# Question about kefir



## FireStorm (Nov 9, 2013)

When I make Hans's raw grind, I mix Kefir in. So he's getting a little every day and he seems to be fine. He doesn't have allergies, though.


----------



## Poodlebeguiled (May 27, 2013)

Goat Milk For Dogs - Dogs Naturally Magazine

Read this. Goats milk is the way to go for sure. Sounds like a good thing to try, even though it may not be a natural thing for adult dogs to drink milk. lol. You could try and see how things go.


----------



## Poodlemanic (Jun 27, 2016)

Kefir is so darn good for people, and dogs benefit from probiotics too. I think it would be good for them, unless they have a specific reaction to it. Why don't you try it just a little at a time? My dogs love goats' milk too!


----------



## BorderKelpie (Dec 3, 2011)

Yay! Thanks guys!

The dogs will be thrilled with this news. lol

Poodlebeguiled, thank you for the link. New fun stuff to try! 

:-D


----------



## Poodlebeguiled (May 27, 2013)

Let us know how they like it and what it does for them health wise. It would be interesting to know.
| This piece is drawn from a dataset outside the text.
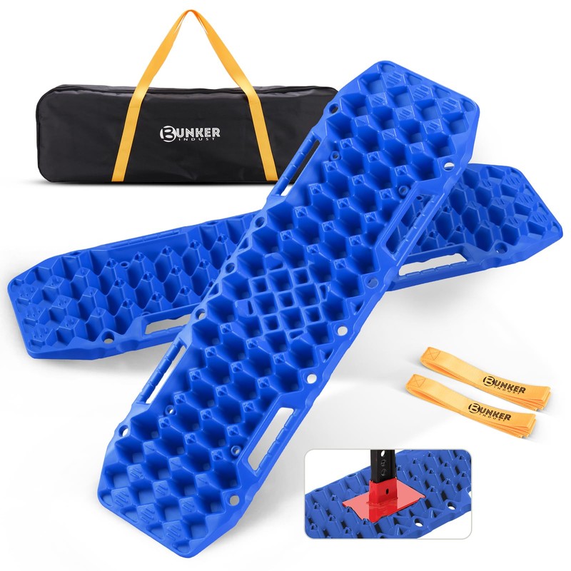 BUNKER INDUST Off-Road Traction Boards with Jack Base,Pair Recovery Tracks Pads 4X4 Vehicle Truck SUV Car Emergency Tire Traction Mat with Bag/Leash -Sand,Mud,Snow Ladder Recovery Ramps(Blue)

Good luck!


----------



## kontiki (Apr 6, 2013)

Oh, I miss fresh goats milk for myself! Sure wish I still had a local source. I haven't tried kefir with my spoo, but he sure loves organic plain yogurt.


----------



## BorderKelpie (Dec 3, 2011)

I haven't tried the kefir yet, but, boy do they love their goat milk soaked kibble!


----------